I think it is wise to spare the details of what happens at home. No one is hitting me or locking me in or in any way physically preventing me from living my life, so please do not be concerned about that. It is survivable, I’m just not really in any capacity to create music. Sometimes I do, especially when I’m alone, ideas tend to flood and I immediately get to the piano or my vibe or a drum and start pursuing them. I’ve certainly gotten work done… I have set times when I teach on Zoom or in person and I always show up and give those students the best I can that hour. I had commissions due, and somehow I managed to get them done. Dreamerfly was a massive endeavor just last month that I co-directed, played in, coordinated overseas… (quick plug: we’ll be doing a marathon weekend of virtual premieres April 9-11, look out for that). As I sit here now I’m honestly not sure how I did any of it. I can barely get through this blog post (which frankly lacks the specificity I hoped to convey, but again, I just have to get this out one way or another). I’m not sure how I even wrote that plug, it felt so weird to do. All of it feels and felt incredibly hard in this headspace.
I’ve started driving for Doordash this week and it’s amazing how much happier I am when I just leave the house. I’m not really ashamed of this because it’s normal for artists to need income outside of their art. The pandemic has exacerbated this. I’m also just happy with the feeling of… well, making money, and it being easy. I know I’ll get bored fast (honestly I am already), but listening to podcasts and driving around town, while making about as much as I do from any music-related job, and having flexible (and unlimited) hours is incredible. So I guess there’s a bit of good news at the end of this.
But aside from Doordash and teaching, I need to go tell a few people that I can’t do what I said I would do because my mental health is just that bad.
To those who have never had mental health issues, something I’d like you to understand is that these problems are not just in our heads, they are just as physical and tactical as any other problem. Just because you can’t see it does not mean it’s not absolutely real. What these ailments do is place a metaphorical prison on our thoughts, which are the gatekeepers to our actions.

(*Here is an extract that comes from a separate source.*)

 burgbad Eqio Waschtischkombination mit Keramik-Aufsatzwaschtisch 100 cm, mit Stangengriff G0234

It’s not hard to get out of bed because I’m lazy, it’s hard to get out of bed because I don’t look forward to my day. It’s hard to get out of bed because I’m afraid of stepping outside my door and dealing with who’s out there. I do it anyway, I guess. But I’m gritting my teeth, can barely stand this much longer.
For a musician, wellness means our basic needs. Until we have these I cannot imagine being one and doing the things I hoped to do. These needs are not just shelter, food, and water – they are emotional, they are the feeling of not having to worry about food, the feeling of not having to choose between funding our art and funding ourselves.

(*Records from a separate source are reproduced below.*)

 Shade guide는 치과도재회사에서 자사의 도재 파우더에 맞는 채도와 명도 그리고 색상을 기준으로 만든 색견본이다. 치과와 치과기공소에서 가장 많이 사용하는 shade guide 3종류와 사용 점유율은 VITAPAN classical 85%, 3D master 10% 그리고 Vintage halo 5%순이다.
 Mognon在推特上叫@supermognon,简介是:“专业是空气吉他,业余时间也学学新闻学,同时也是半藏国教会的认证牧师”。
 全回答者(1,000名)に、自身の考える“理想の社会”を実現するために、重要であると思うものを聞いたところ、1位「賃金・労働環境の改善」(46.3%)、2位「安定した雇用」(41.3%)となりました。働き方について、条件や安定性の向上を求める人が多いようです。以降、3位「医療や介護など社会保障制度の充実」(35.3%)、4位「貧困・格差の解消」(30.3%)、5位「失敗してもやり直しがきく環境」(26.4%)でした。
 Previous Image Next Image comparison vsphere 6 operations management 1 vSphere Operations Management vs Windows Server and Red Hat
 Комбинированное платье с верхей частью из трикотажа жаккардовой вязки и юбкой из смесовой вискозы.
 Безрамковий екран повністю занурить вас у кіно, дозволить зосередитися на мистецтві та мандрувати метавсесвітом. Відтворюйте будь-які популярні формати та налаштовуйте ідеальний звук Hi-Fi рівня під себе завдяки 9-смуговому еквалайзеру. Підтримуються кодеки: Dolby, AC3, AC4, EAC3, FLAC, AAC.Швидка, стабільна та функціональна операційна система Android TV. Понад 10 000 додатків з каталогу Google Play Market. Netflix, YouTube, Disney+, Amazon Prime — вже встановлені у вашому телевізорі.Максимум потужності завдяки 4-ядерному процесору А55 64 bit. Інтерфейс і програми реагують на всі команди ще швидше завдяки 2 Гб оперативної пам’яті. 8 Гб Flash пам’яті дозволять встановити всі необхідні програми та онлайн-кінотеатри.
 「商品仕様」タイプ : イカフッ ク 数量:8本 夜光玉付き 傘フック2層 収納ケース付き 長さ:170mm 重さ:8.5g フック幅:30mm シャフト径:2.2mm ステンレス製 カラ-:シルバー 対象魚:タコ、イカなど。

Right now, music is not the answer. I’m not leaving the industry, honestly I can’t. I’m too prideful and there’s too much I’ve left to say. Some internal drive has always stated that my place in this industry is important, despite hardships and doubts, and I’m still following that drive, I still think it’s correct. But music isn’t going to solve the issues I’m dealing with. Because I live in a capitalist society, only money will.
I’ve never done this, but if you’re in a position of relative privilege and are interested in supporting me and my work, once it resumes, you can help me via:
Basically, it’s going to help me get back faster. I have some debt to pay and need to be living on my own. I also need to be able to afford therapy again, urgently. There are so many unanswered questions and unclear next steps, and I assure you I’ve been thinking about this, weighing the pros and cons, trying to plan my future, but I realized today that any “next step” decision I make is only going to be made when I’m in the financial position to make it.
I wish my output were higher. I wish I were making a ton of music right now. But some days it just feels like there isn’t a possible way I could be.